═════ Stored data

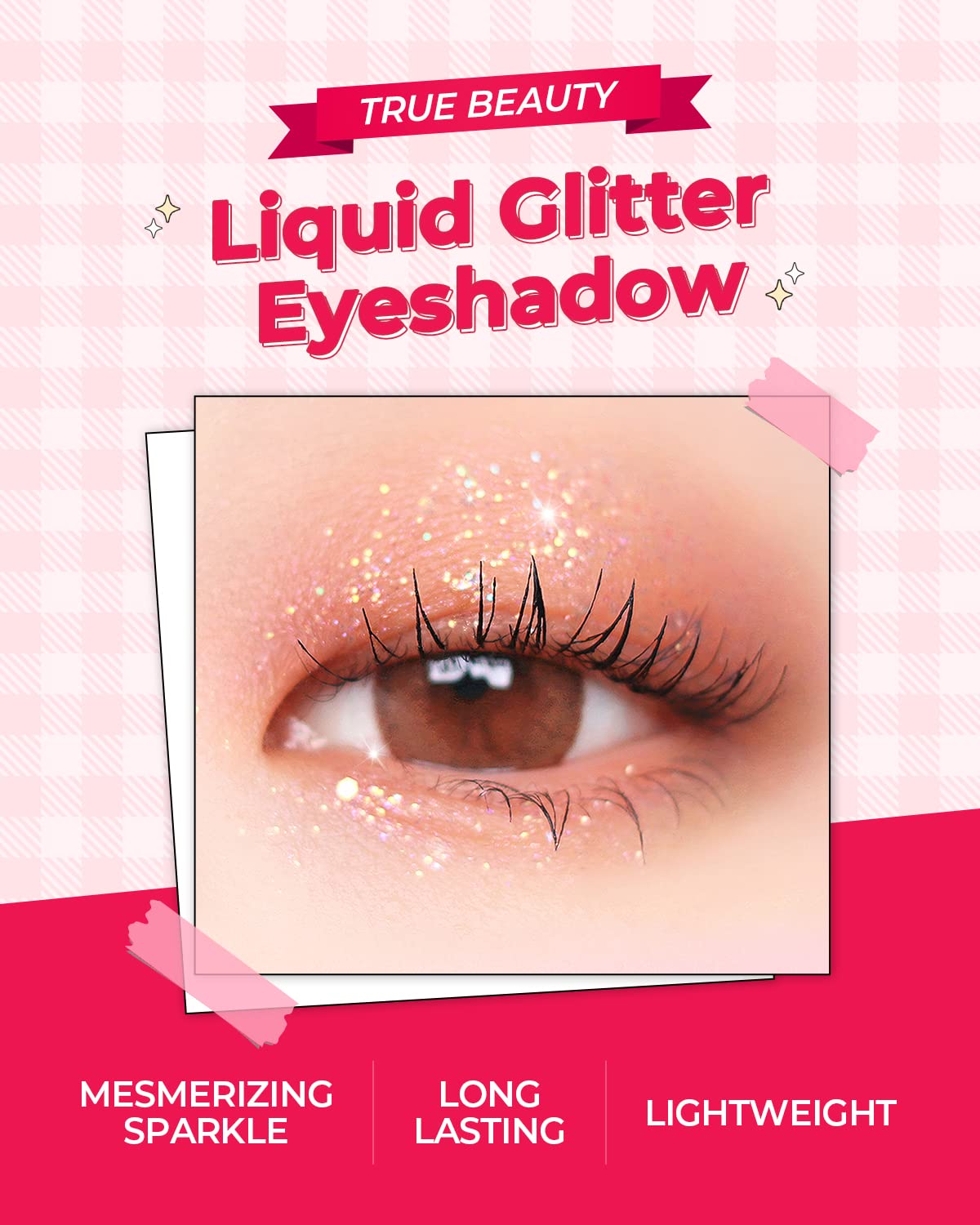 AMTS x True Beauty Makeup Edition - Some Love Makeup 3 Set (7colors Eyeshadows + Liquid Glitter + Lip stain tint) | Matte Shimmer Pearls Shades, Highly Pigmented, Pink Gold Set
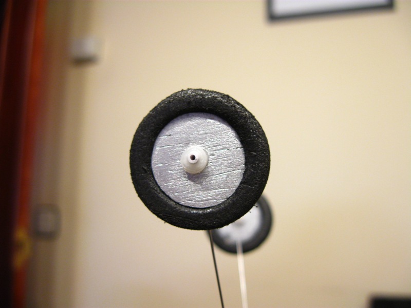 Los ruedas las he hecho al estilo de Hinomaru: núcleo de chapado de balsa de 2 mm y neumático hecho con una aro de poliestireno expandido negro (lijadito para redondear los cantos y pegado con ciano adecuado a este material). Total: 0,5 gr el par.
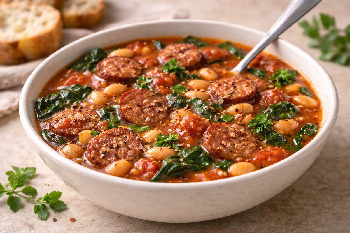 A cozy one-pot dinner with smoky sausage, creamy white beans, and a garlicky tomato broth—hearty, fast, and perfect for weeknights.

══════════

## [What the task asks]
Write the data above out again exactly, every line of it, and exclude the pictures.

## [Response area]
 AMTS x True Beauty Makeup Edition - Some Love Makeup 3 Set (7colors Eyeshadows + Liquid Glitter + Lip stain tint) | Matte Shimmer Pearls Shades, Highly Pigmented, Pink Gold Set
 Los ruedas las he hecho al estilo de Hinomaru: núcleo de chapado de balsa de 2 mm y neumático hecho con una aro de poliestireno expandido negro (lijadito para redondear los cantos y pegado con ciano adecuado a este material). Total: 0,5 gr el par.
 A cozy one-pot dinner with smoky sausage, creamy white beans, and a garlicky tomato broth—hearty, fast, and perfect for weeknights.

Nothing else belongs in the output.